The revelations have hammered Satyam’s shares, which have lots more than 80 percent of their value since the disclosure. Six months ago, the company’s market value was over $7 billion.
Scandal had been fomenting around Satyam since last month when the World Band barred Satyam from business, claiming he had offered inappropriate benefits to band officials. Raju demanded the World Bank retract its allegations. However, Satyam’s troubles came to a head in December when the company tried to buy up two companies partly owned by Satyam’s founders, which represented a last-ditch effort to shore up Satyam’s books. When the deal fell through, there was no longer any way to obscure the financial hole at the heart of the company.
Raju says he is willing to face the legal consequences of his actions.
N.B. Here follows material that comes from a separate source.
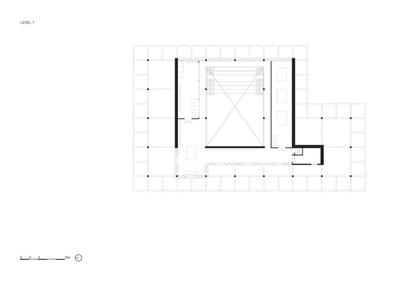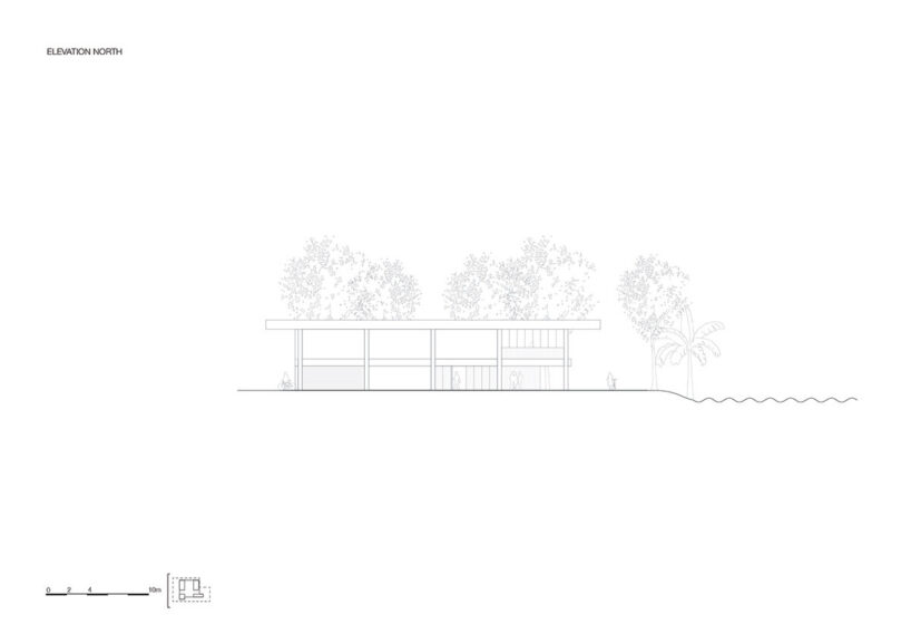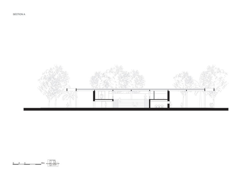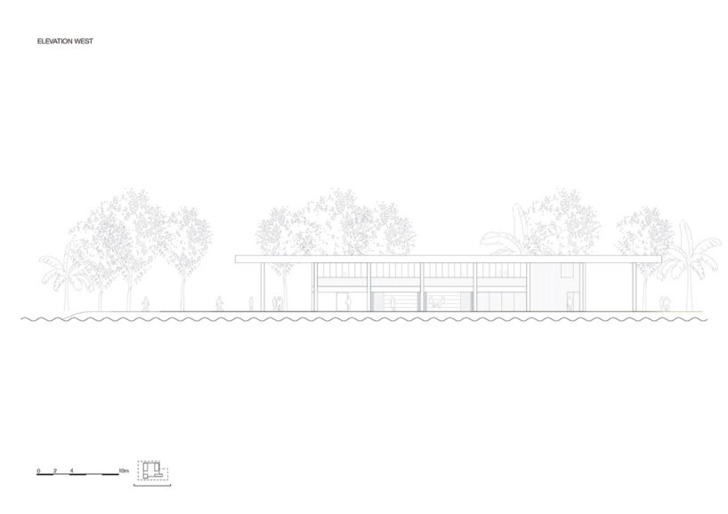 durable cumaru wood shapes the structure, which includes multifunctional spaces and an open atrium

Raju was once a rising star in India’s technology industry, co-founding Satyam with relatives in 1987 and propelling the firm forward to the top ranks of India’s technology companies. Satyam landed its first offshore contract with John Deere, and eventually counted U.S. firms General Electric, TRW, and Nestle among its clients. Satyam was one of the first firms to capitalize on the outsourcing of IT and technical support jobs from developed markets, and boosted it employee base to over half a million to handle the business.